Notice how Ron had to extend the mount to gain clearance for rotation? That's a big torsional load on the rotisserie pivot, which is why the mount requires replication on the other side. A sensible idea for a heavy engine.

the iron block v8's are pretty damn heavy. the alloy ones, not too bad. I think the best long-term engine stand scenario is a side-mount with rotational pivot, as this enables you to hold the engine at any angle.

mine is in storage up in vegas, but is a much heavier version of Ron's and is single sided. It also can hold a holden 6 with manual bellhousing on end without any nose support - so that's about the same point load on the studs as the m100 side mount. I used it to start and run-in all kinds of engines, the main reason being that you pretty much needed a bellhousing on most to mount the starter, and protect the flywheel.

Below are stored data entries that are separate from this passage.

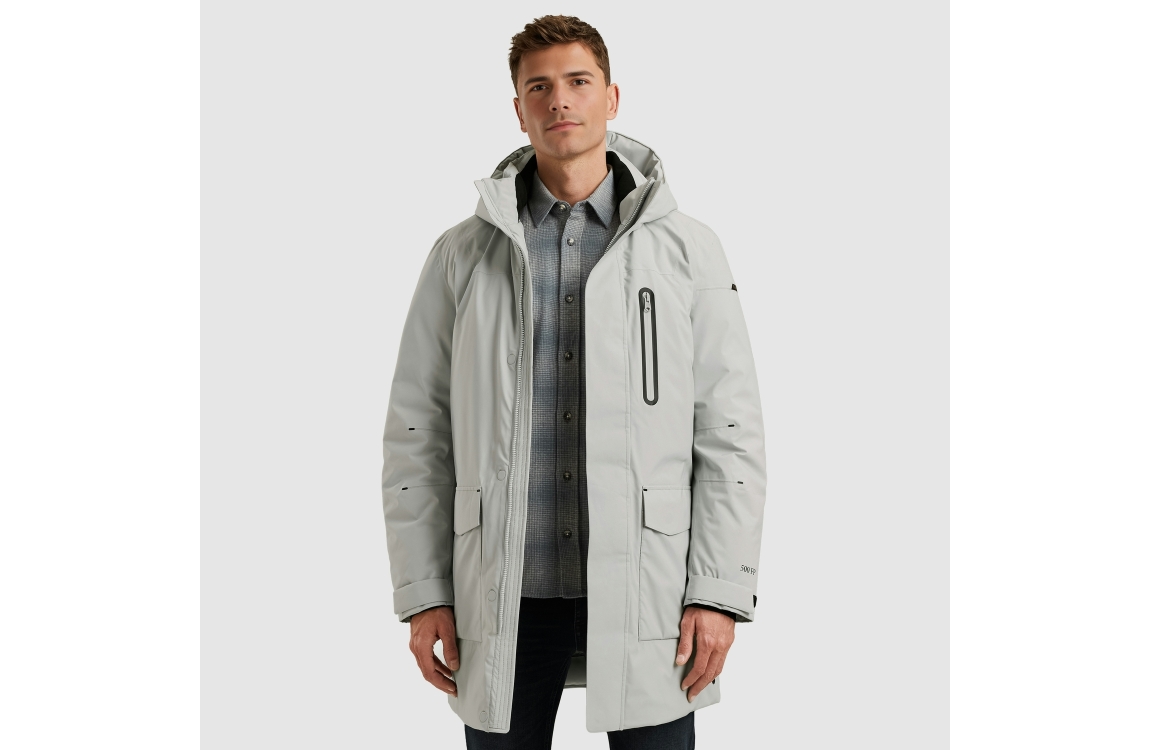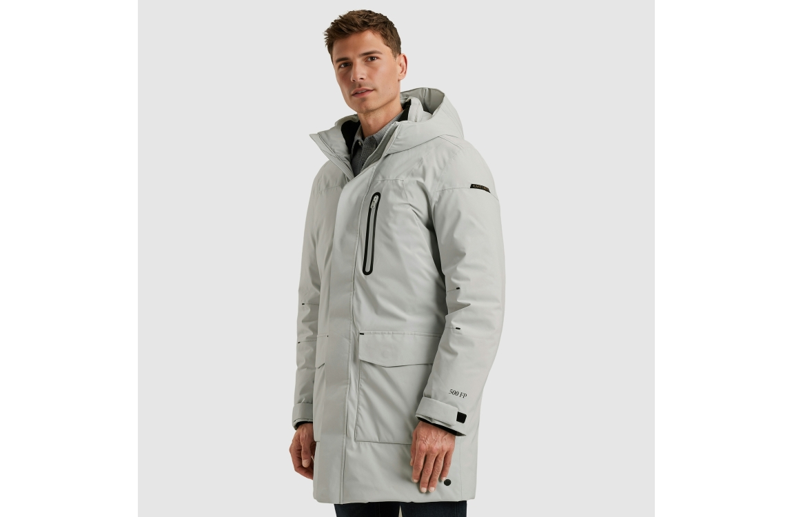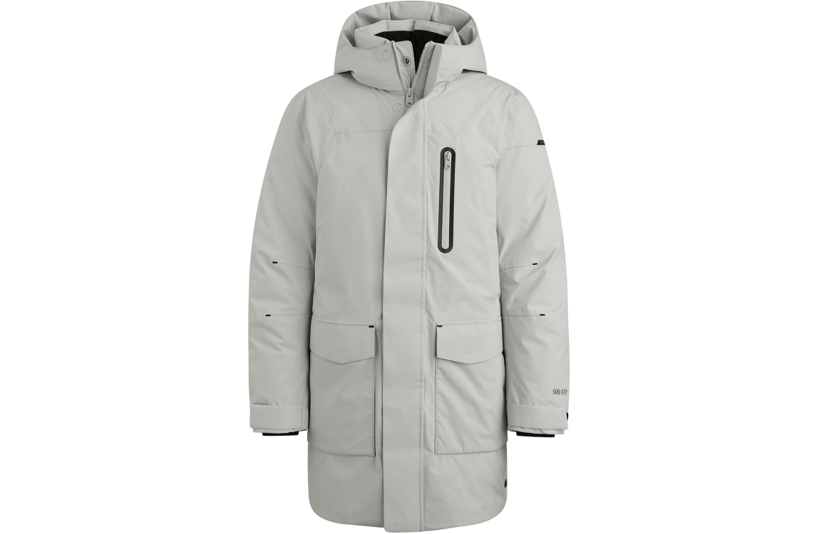Cast Iron Parka jacket ULTI-MECH/Ramrod. Dit rechtvallende model heeft lange mouwen en een capuchon. Deze high rise melange jas van Cast Iron sluit door rits en knopen en beschikt 2 steekzakken, een borstzak en een binnenzak, verder is deze jas afgewerkt met een merkembleem op de mouw.
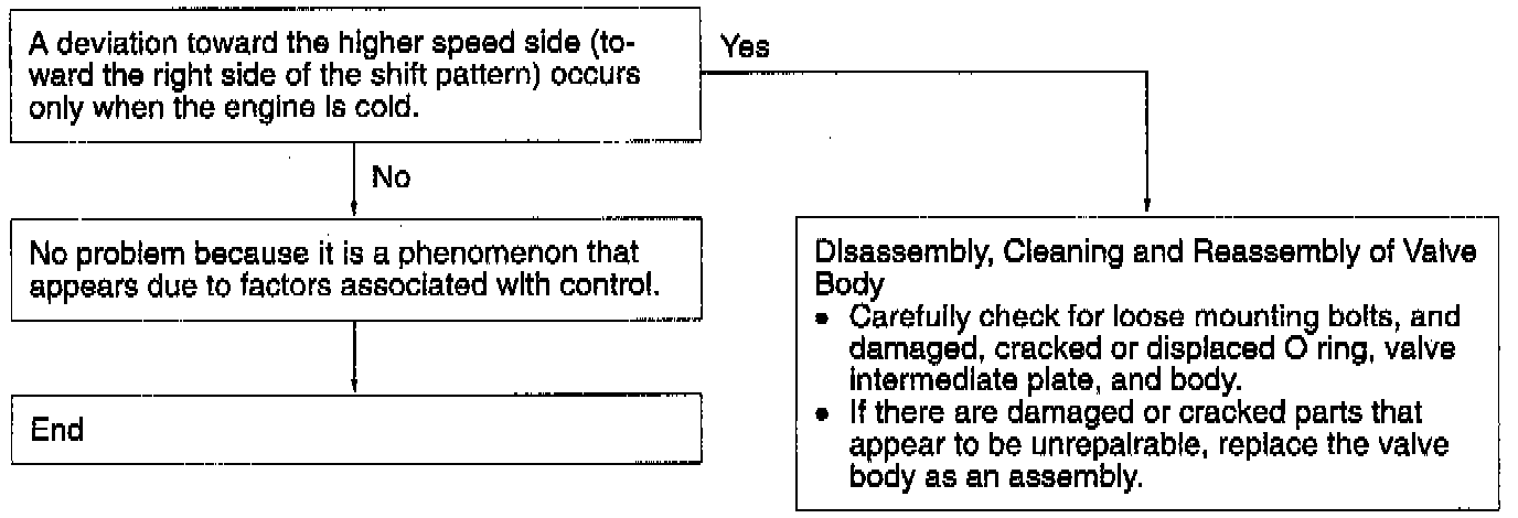 Deviations occur at some shift points during operation. In this case, a defective valve body is suspected, but deviations which are no problems could occur, though rarely, due to factors associated with control.
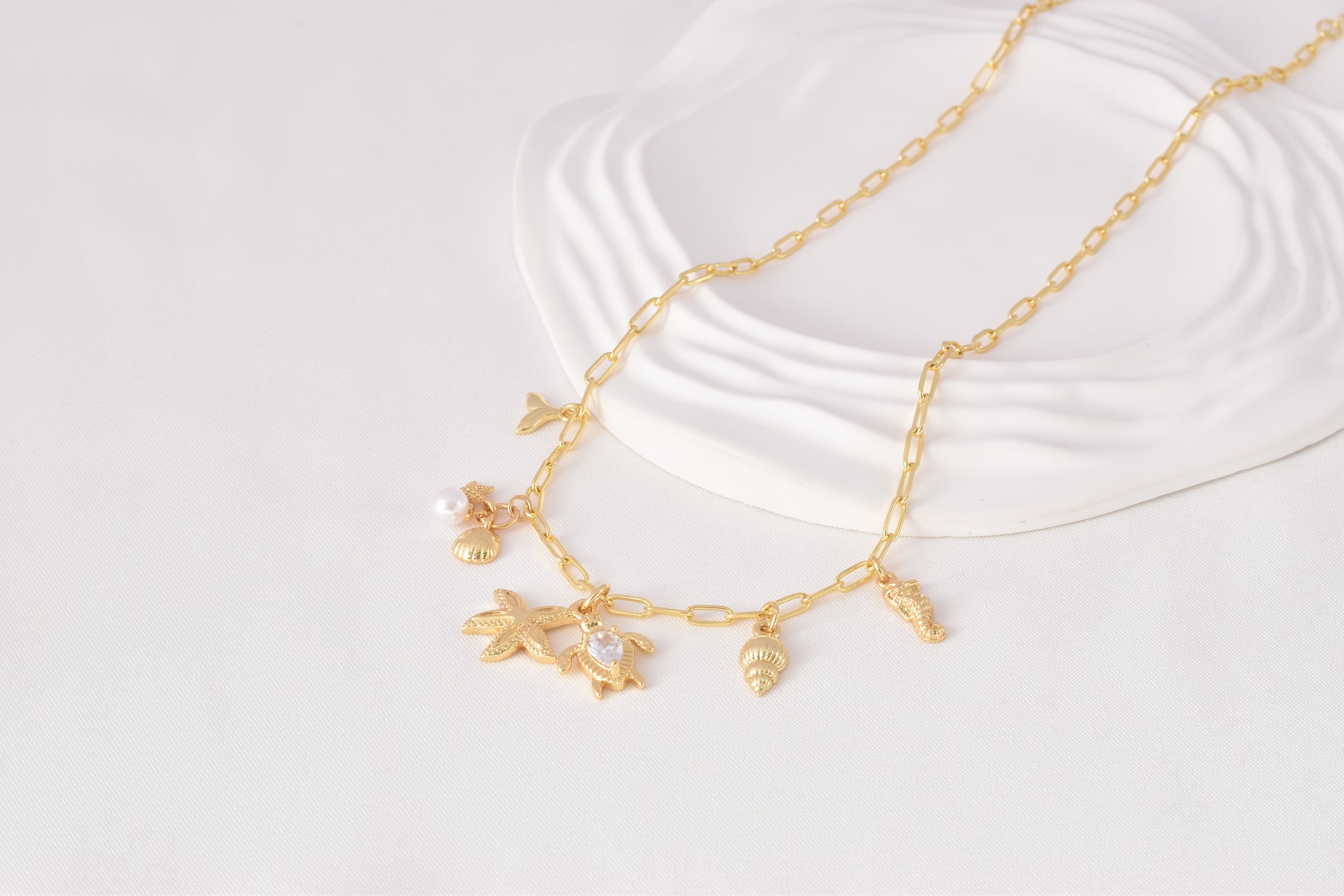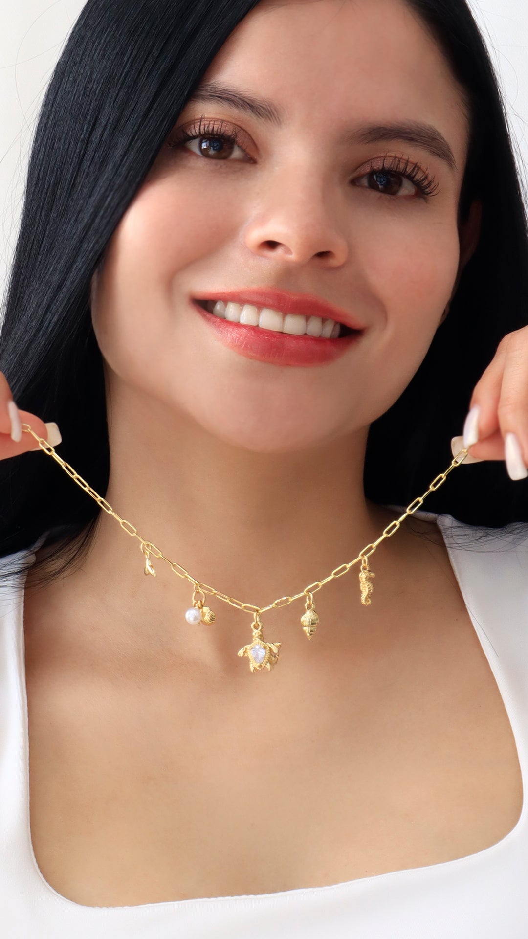 Collar con dijes de tortuga inspirado en la fauna marina, elaborado en baño de oro 24K ensamblado que realza su brillo y resistencia. Un accesorio encantador que combina simbolismo y estilo, perfecto para quienes aman los detalles con temática oceánica.
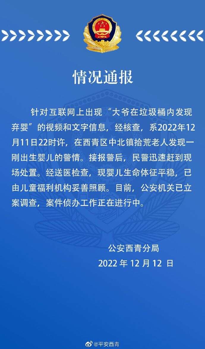 针对互联网上出现“大爷在垃圾桶内发现弃婴”的视频和文字信息,经核查,系2022年12月11日22时许,在西青区中北镇拾荒老人发现一刚出生婴儿的警情。接报警后,民警迅速赶到现场处置。经送医检查,现婴儿生命体征平稳,已由儿童福利机构妥善照顾。目前,公安机关已立案调查,案件侦办工作正在进行中。
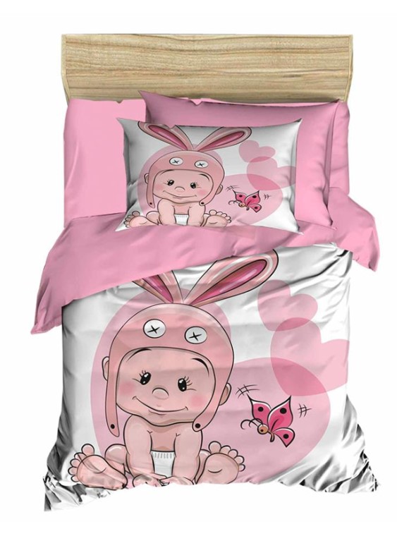 Dijital Baskılı 3d Bebek Nevresim Takımı Rabbit Baby Pembe
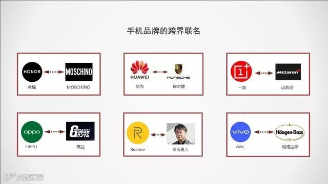 今年的联名款手机中不仅有手机品牌与汽车品牌的联合:华为&保时捷、一加&迈凯伦都受到了许多男性用户的关注。OPPO&高达吸引了更多游戏玩家的目光,荣耀&MOSCHINO通过潮牌效应让更多年轻群体将实现聚焦于荣耀,而realme与设计师深泽直人的合作,让产品外观设计再上一个台阶。最具趣味性的合作非vivo与哈根达斯莫属了,使产品的清爽定位更加清晰。
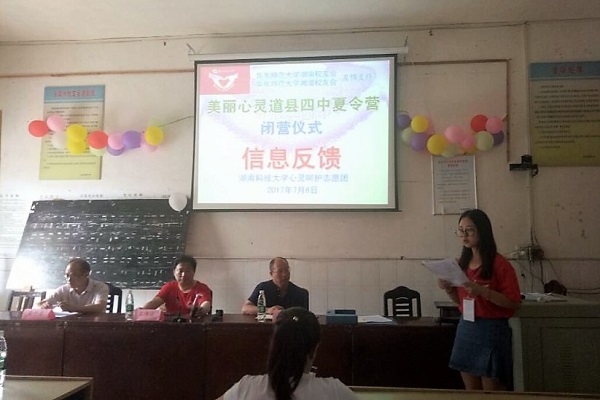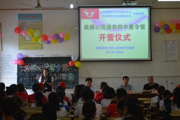 2017年7月4日,在湖南科技大学留守儿童心灵呵护志愿团创始人兼指导老师王伟清教授的带领下,由教育学院6名研究生和17名本科生组建的志愿服务队伍赴永州市道县四中开展暑期三下乡“美丽心灵”志愿活动,本次活动意图通过为近百名被试对象开展心灵呵护活动以促进学生的心灵健康和提高品性发展水平。
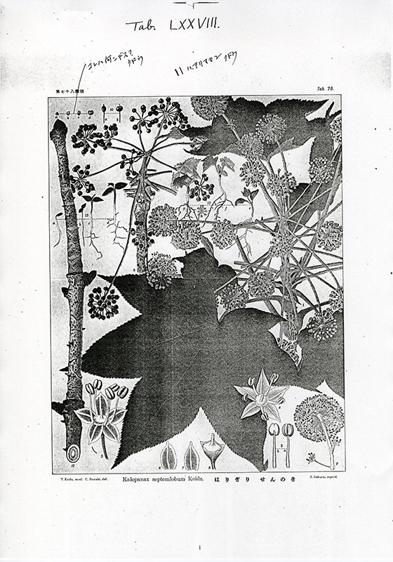 たとえば、秋月俊幸編『書簡集からみた宮部金吾』(北大出版会)の書籍カバーには「くろびいたや」「ちしまざくら」の図版修整指示を細かく書き込んだ校正紙がカット的に使われています。
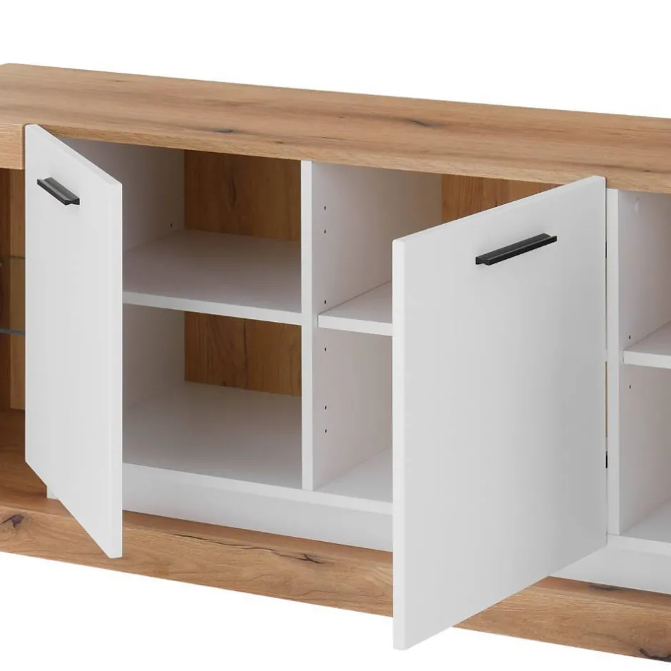 - Schicke Wohnwand in Weiß supermatt und Eichefarben
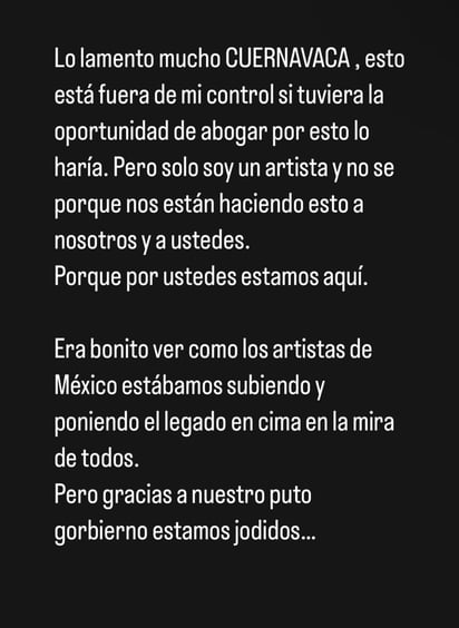 Posterior a dicho documento, también se disculpó con el municipio de Cuernavaca, en donde también iba a dar un concierto, sin embargo en esta historia culpó al gobierno por no dejarlo expresar:
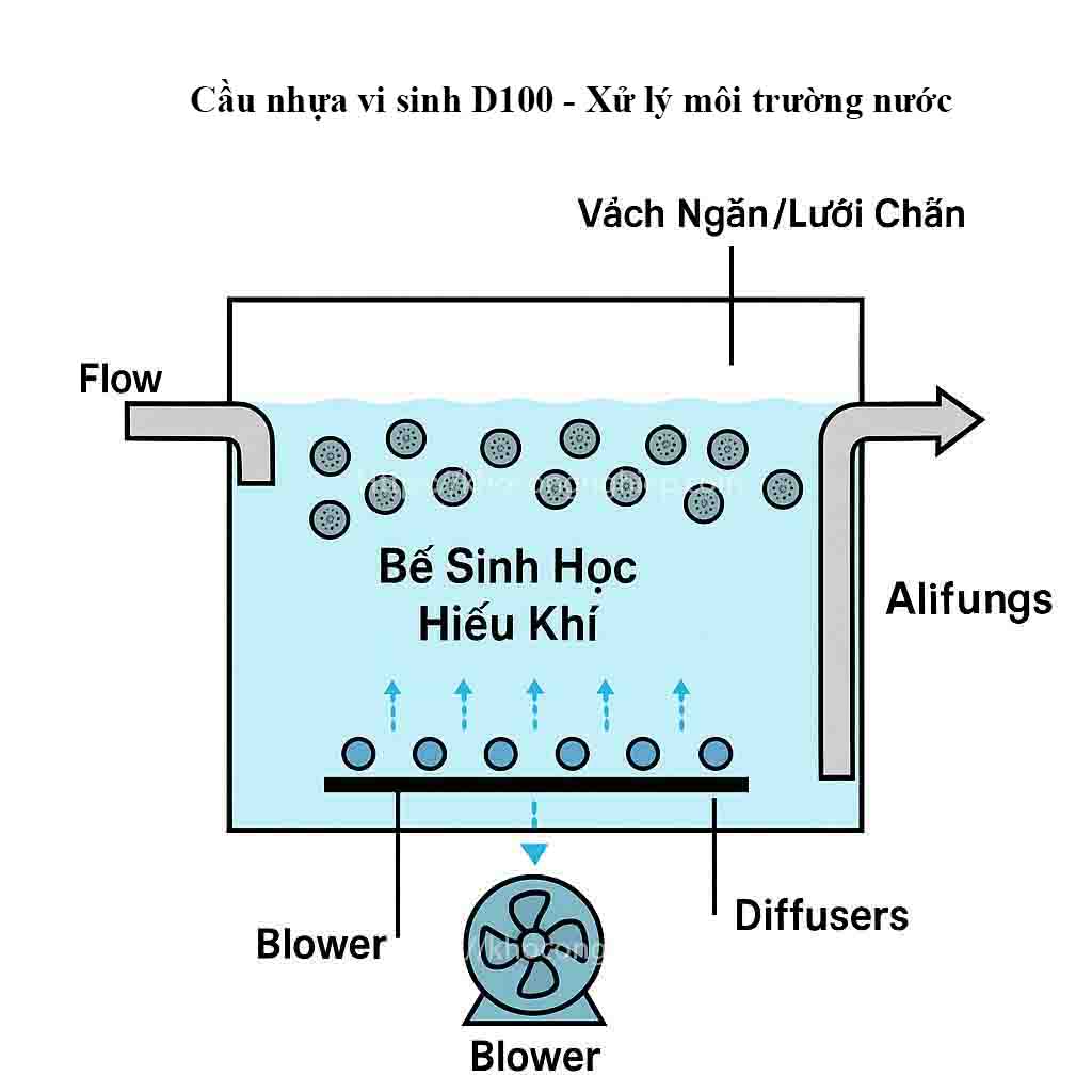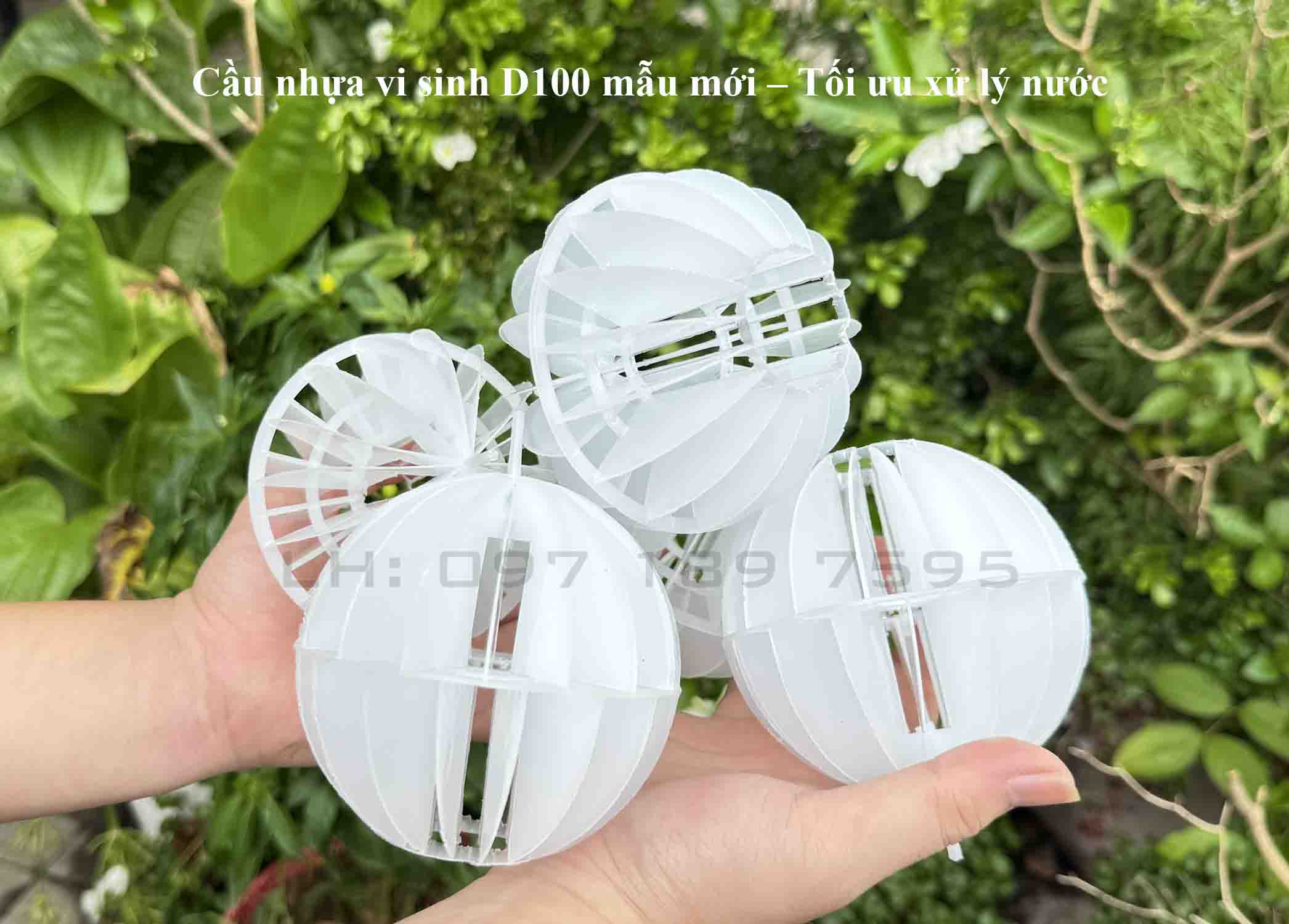 Cầu nhựa D100 được chế tạo từ nhựa PP hoặc HDPE nguyên sinh, có khả năng chống tia UV, chịu ăn mòn hóa chất và hoạt động ổn định trong dải nhiệt độ 5–80°C. Với kích thước tiêu chuẩn khoảng 100 mm, diện tích bề mặt đạt 250–300 m²/m³ và độ rỗng ≥ 90–92%, sản phẩm cho phép vi sinh vật bám dính tốt, tạo điều kiện tối ưu cho quá trình phân hủy chất hữu cơ, xử lý BOD, COD và Amoni trong nước thải. Thiết kế dạng cầu rỗng nhiều khe giúp dòng nước lưu thông đồng đều, hạn chế tắc nghẽn và tạo điều kiện cho vi sinh phát triển cả lớp hiếu khí lẫn thiếu khí.

If you don't need to walk around the engine or get close to one side, then Ron's style is perfect, if you have space in your workshop. I don't have the same space, so I had to make do with the one I bought from TAFE about 20 years ago.

Nothing made in this modern era comes anywhere near the strength of the old stands. If you can hold an iron block 454 with iron heads, end-on and start it, then you know it's strong enough to hold an m100 side-on.

insofar as removing engines...... I have a gantry crane endless chain block rated to 2.5t. I don't use engine stands. It does require me to have the vehicle accurately positioned though. Something worth thinking about if your shed can fit one. I think it is the best extraction method of all. but having a hoist would make things even easier. Can't have 'em all....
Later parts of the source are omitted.